Print requests pile up in the que. I keep canceling them, but the oldest request remains -- which may be what's keeping it from responding to new requests. I've tried to download firmware, but it tells me I am up to date. I tried to download a driver -- which Lexmark labels "complete drivers and software for setting up , configuring, and using device with 64 bit". But it's only for setting up a new printer for the first time or installing to a new computer. Not applicable here.

I have an HP all-in-one pc, win 7, 64 bit. The printer is about 2 years old. Do yu think it's just giving out on me, or do you have a fix to suggest ?


----------



## pip22 (Aug 22, 2004)

"_But it's only for setting up a new printer for the first time or installing to a new computer. Not applicable here."_

Why do you say "not applicable here"? There is nothing to stop you installing a complete driver package as many times as is necessary, even though Lexmark say it's "it's only for setting up a new printer for the first time or installing to a new computer".

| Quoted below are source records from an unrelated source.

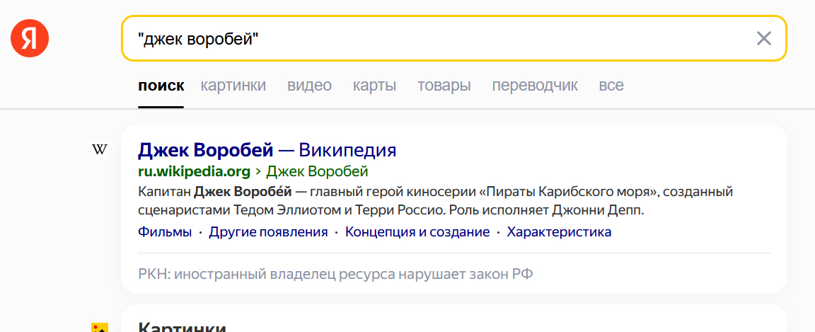... яндекс обиженно исправит на "Капитан Джек Воробей"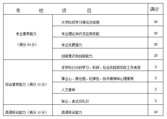 专业素质:①大学阶段学习情况及成绩;②全面考核对本学科(专业)理论知识和应用技能掌握程度,利用所学理论发现、分析和解决问题的能力,对本学科发展动态的了解及在本专业领域的潜力发展;③创新精神和创新能力。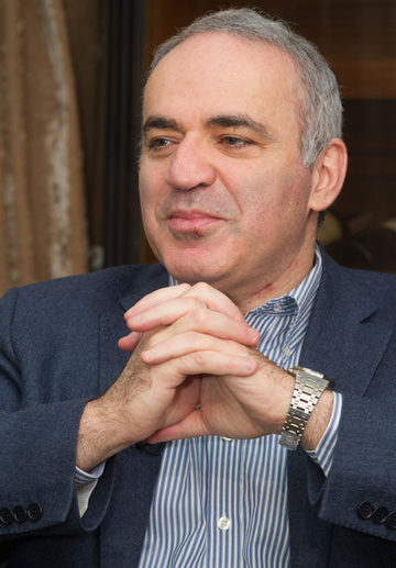 — Вы знаете, мне кажется, вы человек счастливый: 51 год, расцвет сил, живая мама, дети, которые успехи делают, такое место в истории, которое по праву вы заняли и которого никто уже не отнимет, даже если очень захочет... Раз так Россию вы любите, хочу пожелать вам в свободной России жить, где будете комфортно себя чувствовать, гражданином свободного мира оставаясь, как сами о себе сказали. Я за беседу вам благодарен и смотрю вот на эти шахматы на столе... Помните, как в период застоя говорили: «Чем Карпов от Брежнева отличается?». — «Карпов ходит е2-е4...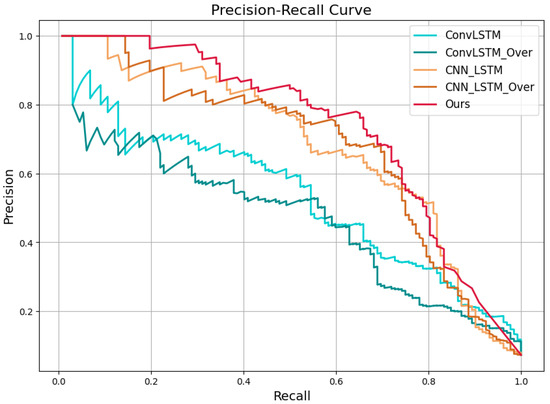 Figure 6. Comparisons of precision–recall curves. In the figure, the label “_Over” following the model name indicates the condition of simple oversampling.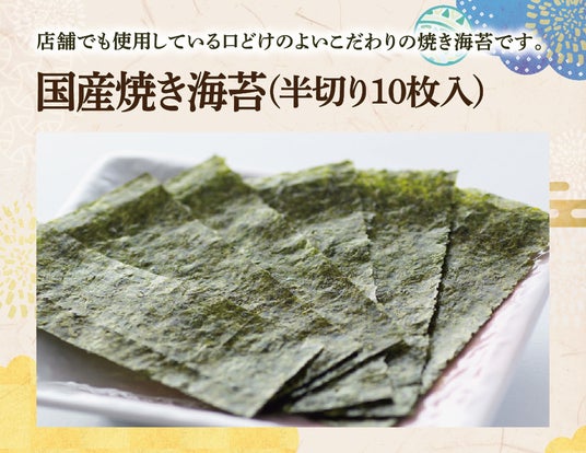 今年のゴールデンウィークに初となる福袋を販売し、全店で累計販売数3,000個を突破。たくさんのお客様にご好評いただきました。今回はクーポンを使いやすくするために、ご利用できる時間帯の制限をなくし、「国産焼き海苔」も追加し内容もパワーアップしました。今後もお客様に喜んでいただける福袋の販売を企画してまいりますのでこうご期待くださいませ。
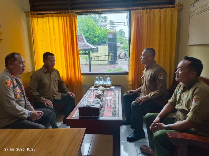 Senori – Dalam rangka mencegah terjadinya pembalakan liar (ilegal logging) dan kebakaran hutan dan lahan (Karhutla). Petugas dari Perum Perhutani Divisi Regional Jawa Timur KPH Jatirogo BKPH Bate, melaksanakan silatuhrahmi kepada Kapolsek Senori Polres Tuban di Mapolsek Senori, Selasa (27/1/2026).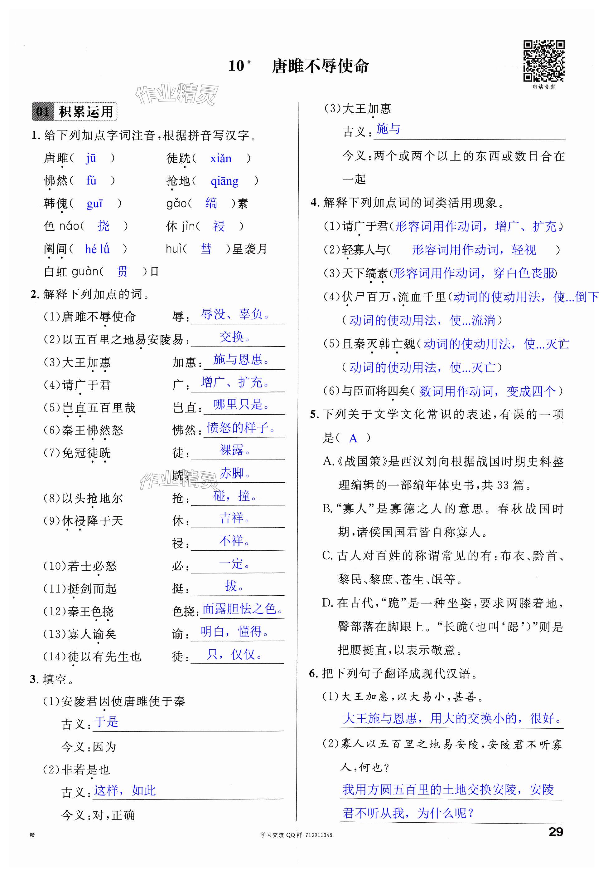 注:目前有些书本章节名称可能整理的还不是很完善,但都是按照顺序排列的,请同学们按照顺序仔细查找。练习册 2024年名校课堂九年级语文下册人教版江西专版 答案主要是用来给同学们做完题方便对答案用的,请勿直接抄袭。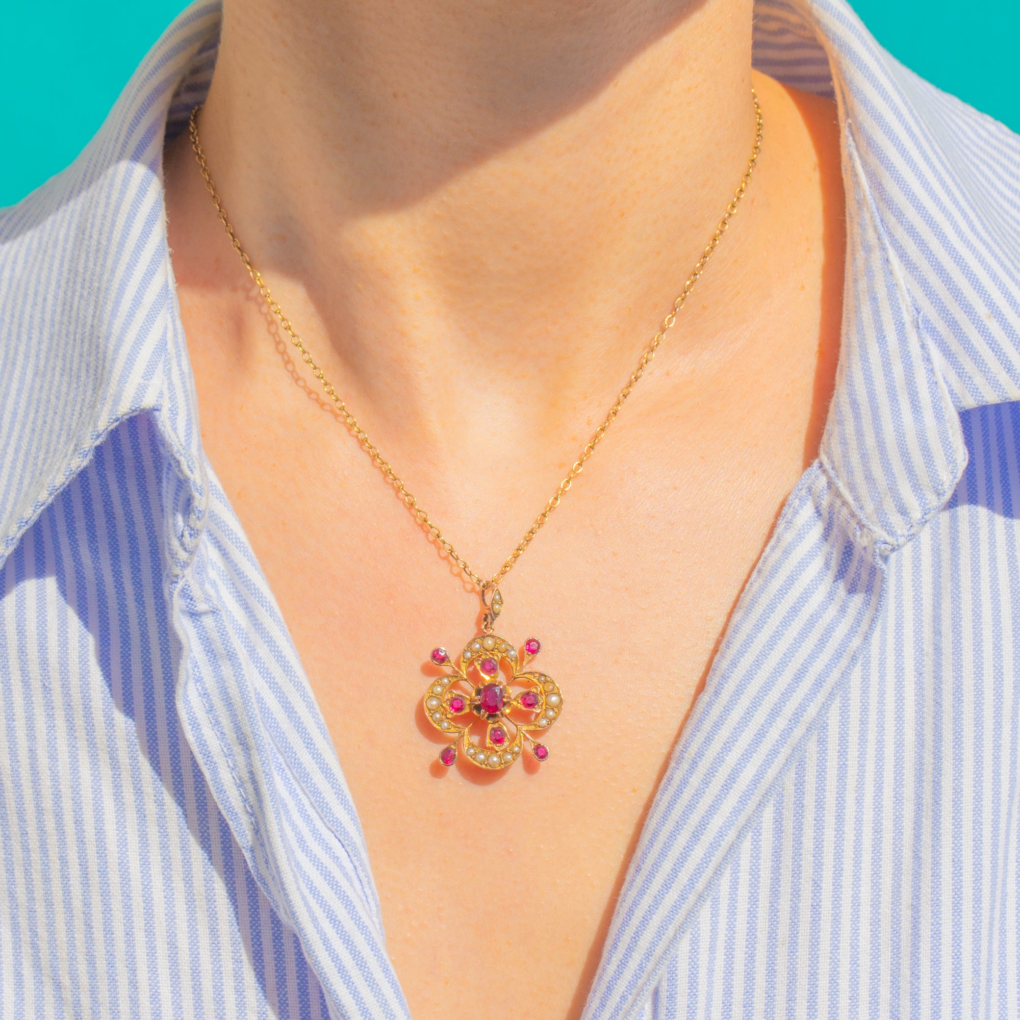 A romantic Victorian treasure, this 9ct Gold clover pendant blooms with vivid Natural Rubies and luminous Natural Pearls. The openwork quatrefoil silhouette is centred by a raised oval Ruby, with further Rubies radiating like petals and delicate Pearls tracing the curves for a softly glowing halo. Its warm Gold tone and fine detailing give the piece a graceful, heirloom presence.

In that case, all you need to do in advance is to uninstall the existing printer and it's driver so you can start from scratch as though it was the first time.


----------



## New7User (Jul 15, 2010)

Thanks for your reply, pip22. I went to uninstall, and was able to uninstall all the various supplemental components, but the main part of the program won't uninstall -- apparently because I still cannot cancel that one print job dated 9/29. The off switch isn't working again, so I just unplugged from the pc and the power and tried again. It still gives the message : "The Lexmark s300 Series is currently in use. Please wait until the printer has finished printing and then uninstall".


----------